White matter structures within the brainstem's medulla oblongata

In neuroanatomy, the medullary pyramids are paired white matter structures of the brainstem's medulla oblongata that contain motor fibers of the corticospinal and corticobulbar tracts – known together as the pyramidal tracts. The lower limit of the pyramids is marked when the fibers cross (decussate).

==Structure==

The ventral portion of the medulla oblongata contains the medullary pyramids. These two ridge-like structures travel along the length of the medulla oblongata and are bordered medially by the anterior median fissure. They each have an anterolateral sulcus along their lateral borders, where the hypoglossal nerve emerges from. Also at the side of each pyramid there is a pronounced bulge known as an olive. Fibers of the posterior column, which transmit sensory and proprioceptive information, are located behind the pyramids on the medulla oblongata.

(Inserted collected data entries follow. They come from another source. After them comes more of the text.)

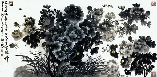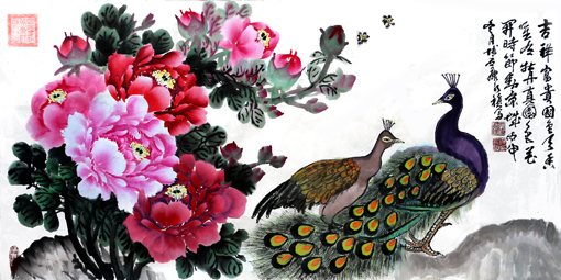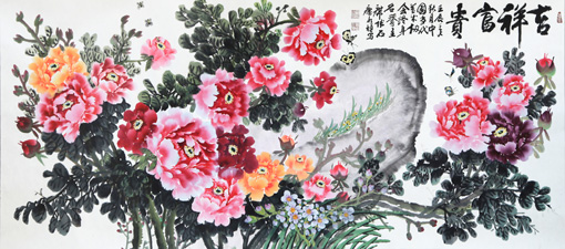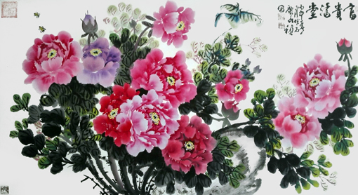 刘大为点评:其用笔挥洒自如,气韵贯通,气势磅礴,可谓感悟深刻,造诣高深,典雅大气的用笔,精美绝伦的构图,使牡丹的风采神韵跃然纸上,新颖独特,笔法严谨。画中的牡丹激情绽放,花繁叶茂,画工细腻,凸显出牡丹的立体感,赋色之巧极尽水墨之高雅,隽逸和虚灵,观之活色生香,却不落艳俗,是难得的国画精品。画工精美绝伦,有着极强的艺术观赏性,书法作品字韵既犹如从纸中生长出来,根基扎实不浮乱,又觉有林中隐士之飘然若仙的出尘脱俗,真正做到了雅俗共赏。非常具有投资和收藏价值。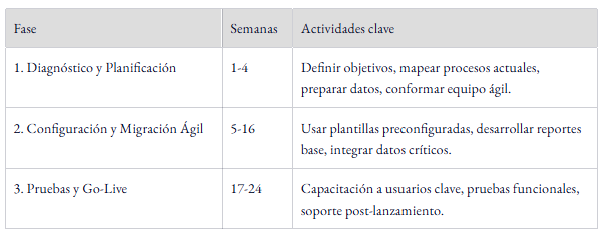 Si bien es posible implementar soluciones EPM en plazos acelerados, los tiempos varían considerablemente según el tamaño y complejidad de la organización: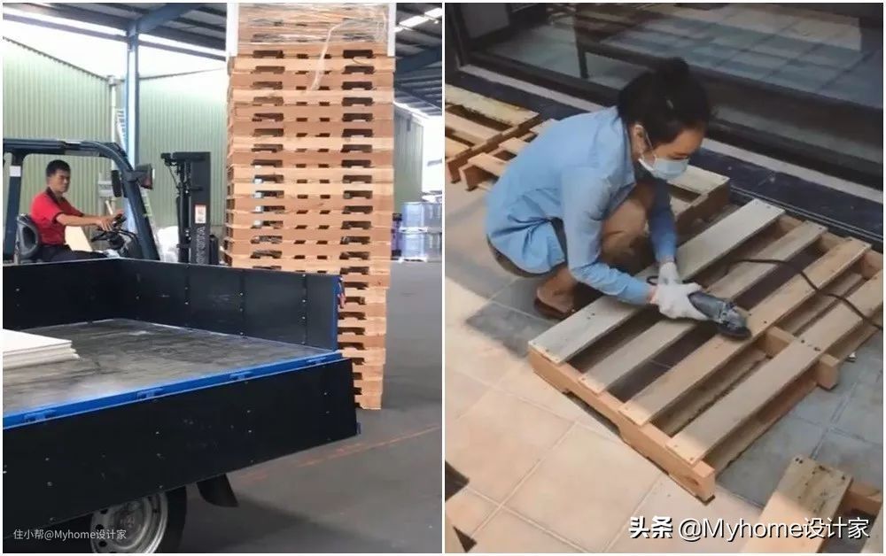 店内主要座位区为木栈板 DIY 打造而成,两人亲自去工厂挑选二手栈板,并跟亲戚借用切割机,自行裁切栈板并一块一块抛光打磨,虽然耗费了不少体力,但运费及材料费加总约莫不到人民币1200,省下购买座位区家具的大量费用。
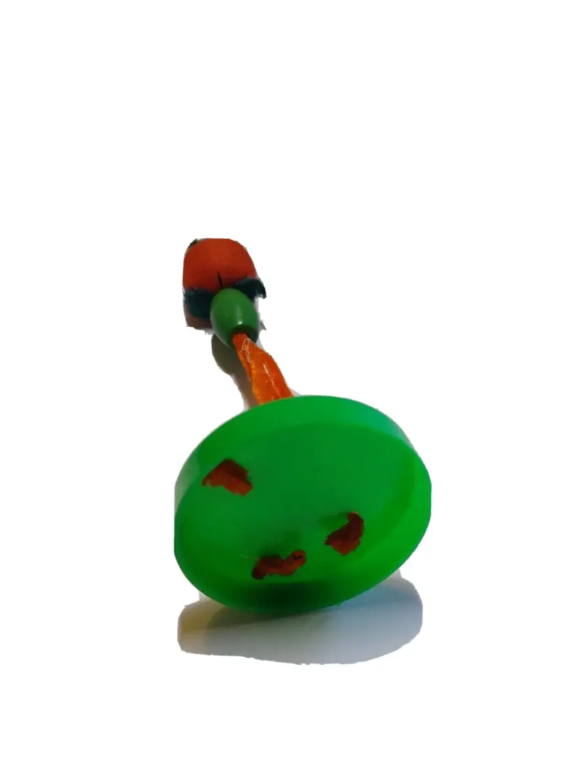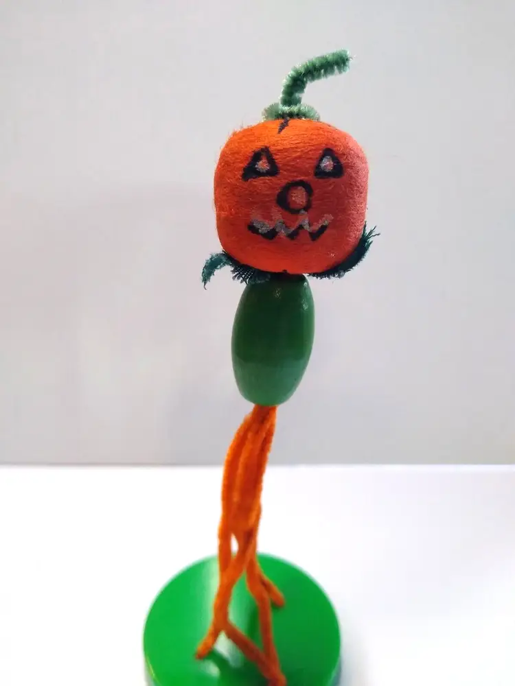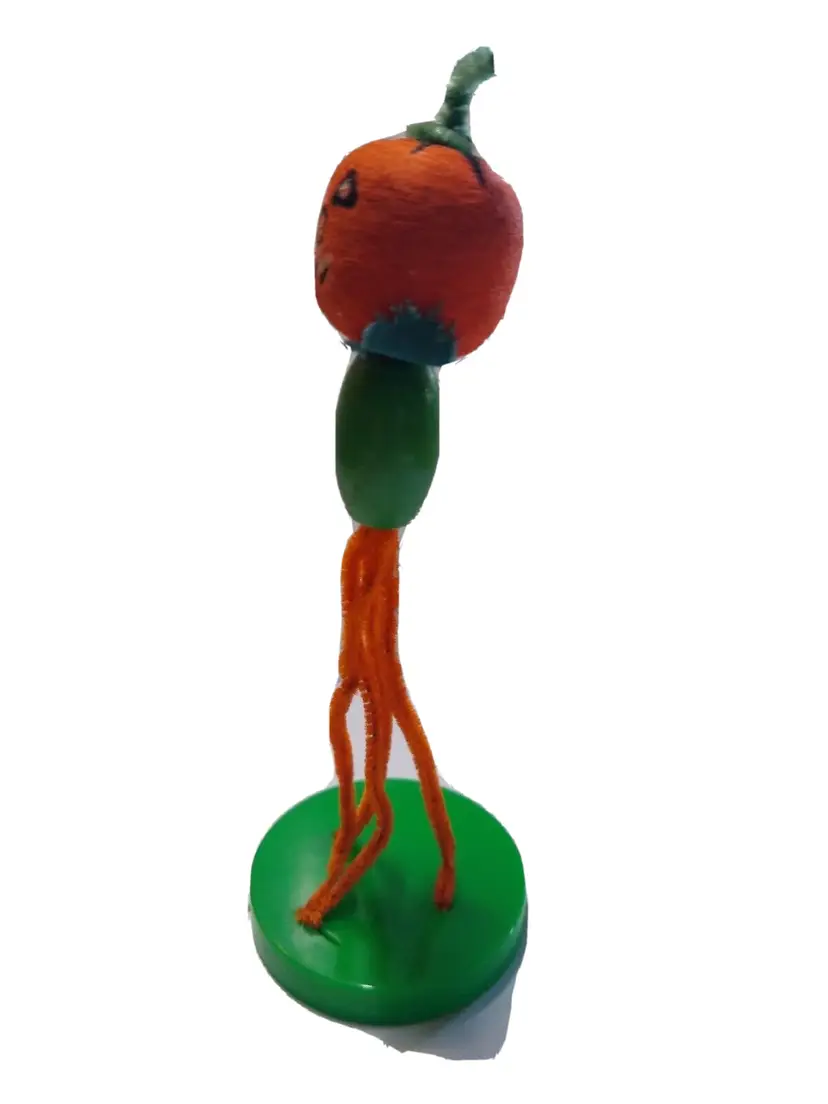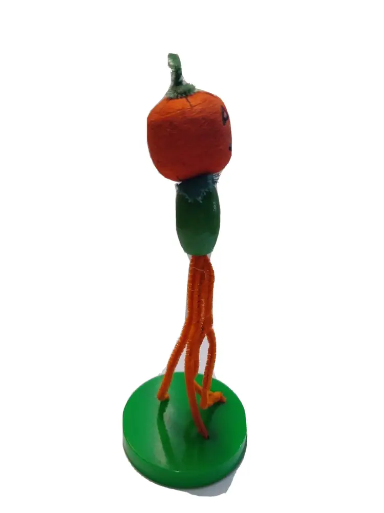 Vintage Halloween strange looking Witch decoration. Has squid like pipe cleaner legs, wood body, plastic base, and assorted fabrics. Size is 5.25" tall. Excellent condition. Have a matching witch version also for sale in our shop.

The medullary pyramids contain motor fibers that are known as the corticobulbar and corticospinal tracts. The corticospinal tracts are on the anterior surface of the pyramids. These tracts transport motor signals that originated in the precentral gyrus and travelled through the internal capsule to the medulla oblongata and pyramids. Extrapyramidal tracts are those motor tracts that do not traverse the medullary pyramids.

At the pyramids' most caudal end, the corticospinal axons decussate (or cross over) the midline and continue down the spinal cord on the contralateral side. The fibers that decussated will go down the lateral corticospinal tract while the fibers that did not decussate will travel down the anterior corticospinal tract. Nearly 90 percent of the fibers decussate and travel down the lateral corticospinal tract while the other 10 percent travels down the anterior corticospinal tract.

===Decussation===
The two pyramids contain the motor fibers that pass from the brain to the medulla oblongata and spinal cord. These are the corticobulbar and corticospinal fibers that make up the pyramidal tracts.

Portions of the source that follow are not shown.